Mutual Information, and Density in Thingspace
❦
Suppose you have a system X that can be in any of 8 states, which are all equally probable (relative to your current state of knowledge), and a system Y that can be in any of 4 states, all equally probable. total The entropy of X, as defined in the previous essay, is 3 bits; we’ll need to ask 3 yes-or-no questions to find out X’s exact state. The entropy of Y is 2 bits; we have to ask 2 yes-or-no questions to find out Y’s exact state. This may seem obvious since 2^{3} = 8 and 2^{2} = 4, so 3 questions can distinguish 8 possibilities and 2 questions can distinguish 4 possibilities; but remember that if the possibilities were not all equally likely, we could use a more clever code to discover Y’s state using e.g. 1.75 questions on average. In this case, though, X’s probability mass is evenly distributed over all its possible states, and likewise Y, so we can’t use any clever codes.
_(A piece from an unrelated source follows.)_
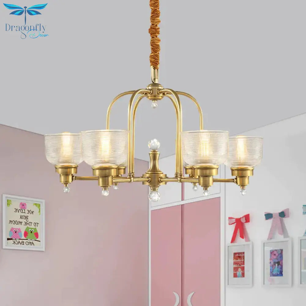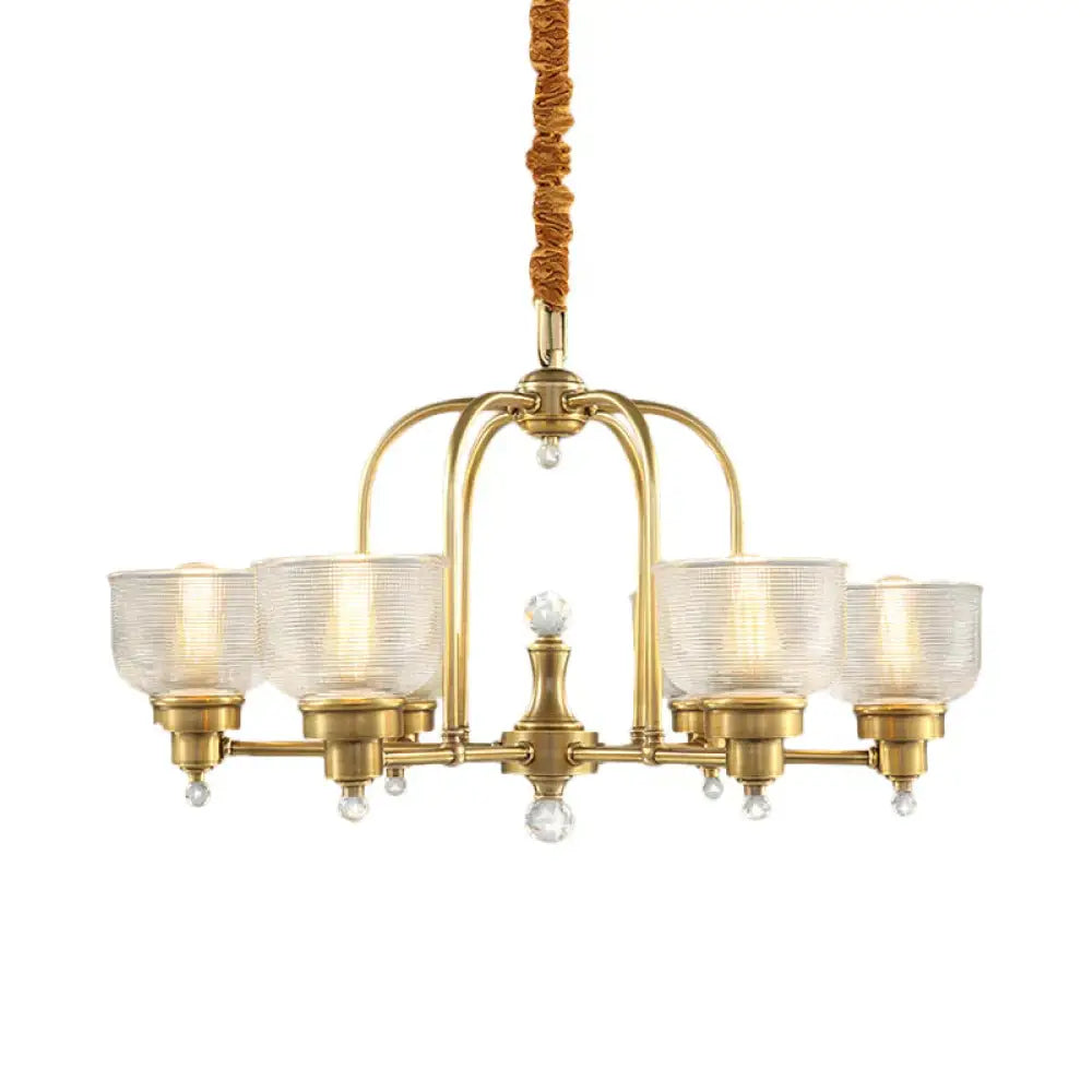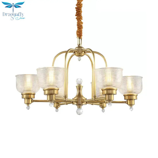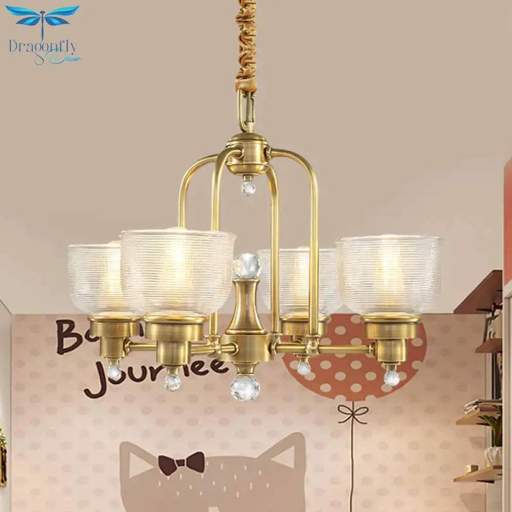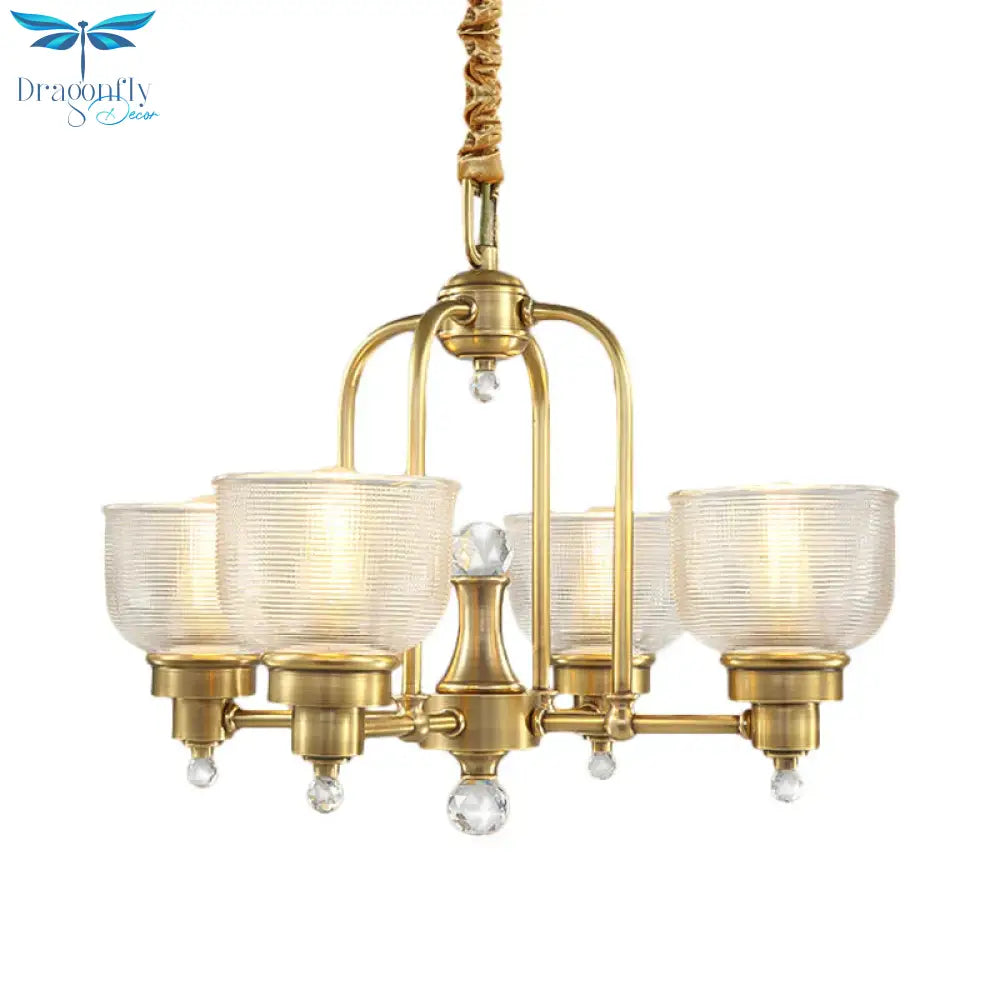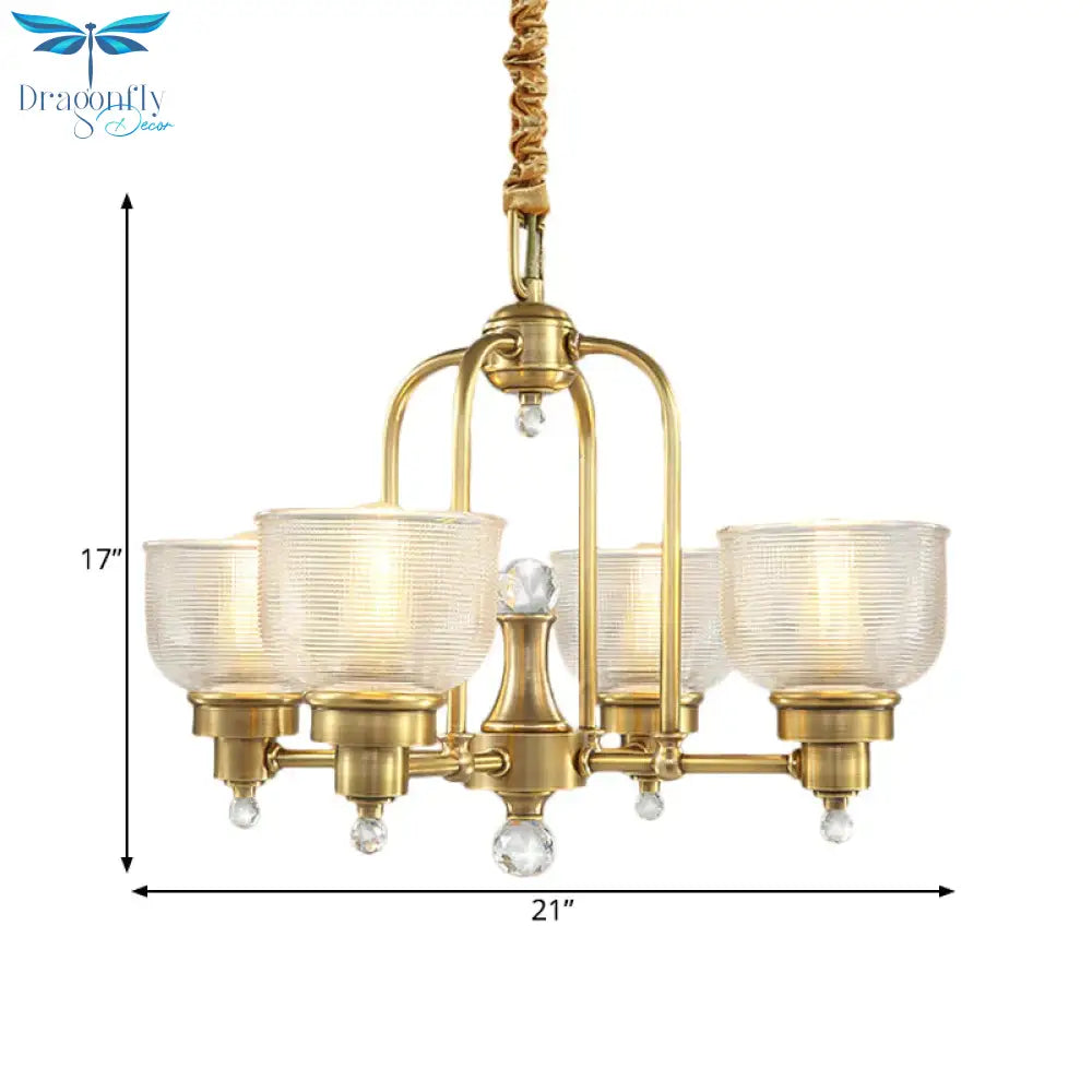 Prismatic Glass Gold Hanging Chandelier Bowl Shade 4/6-Light Colonialist Metal Suspension Pendant Light for Kitchen

What is the entropy of the combined system (X,Y)?
You might be tempted to answer, “It takes 3 questions to find out X, and then 2 questions to find out Y, so it takes 5 questions total to find out the state of X and Y.”
But what if the two variables are entangled, so that learning the state of Y tells us something about the state of X?
In particular, let’s suppose that X and Y are either both odd or both even.
Now if we receive a 3-bit message (ask 3 questions) and learn that X is in state X_{5}, we know that Y is in state Y_{1} or state Y_{3}, but not state Y_{2} or state Y_{4}. So the single additional question “Is Y in state Y_{3}?,” answered “No,” tells us the entire state of (X,Y): X = X_{5}, Y = Y_{1}. And we learned this with a total of 4 questions.
Conversely, if we learn that Y is in state Y_{4} using two questions, it will take us only an additional two questions to learn whether X is in state X_{2}, X_{4}, X_{6}, or X_{8}. Again, four questions to learn the state of the joint system.
The mutual information of two variables is defined as the difference between the entropy of the joint system and the entropy of the independent systems: I(X;Y) = H(X) + H(Y) − H(X,Y).
Here there is one bit of mutual information between the two systems: Learning X tells us one bit of information about Y (cuts down the space of possibilities from 4 possibilities to 2, a factor-of-2 decrease in the volume) and learning Y tells us one bit of information about X (cuts down the possibility space from 8 possibilities to 4).
What about when probability mass is not evenly distributed? Last essay, for example, we discussed the case in which Y had the probabilities 1/2, 1/4, 1/8, 1/8 for its four states. Let us take this to be our probability distribution over Y, considered independently—if we saw Y, without seeing anything else, this is what we’d expect to see. And suppose the variable Z has two states, Z_{1} and Z_{2}, with probabilities 3/8 and 5/8 respectively.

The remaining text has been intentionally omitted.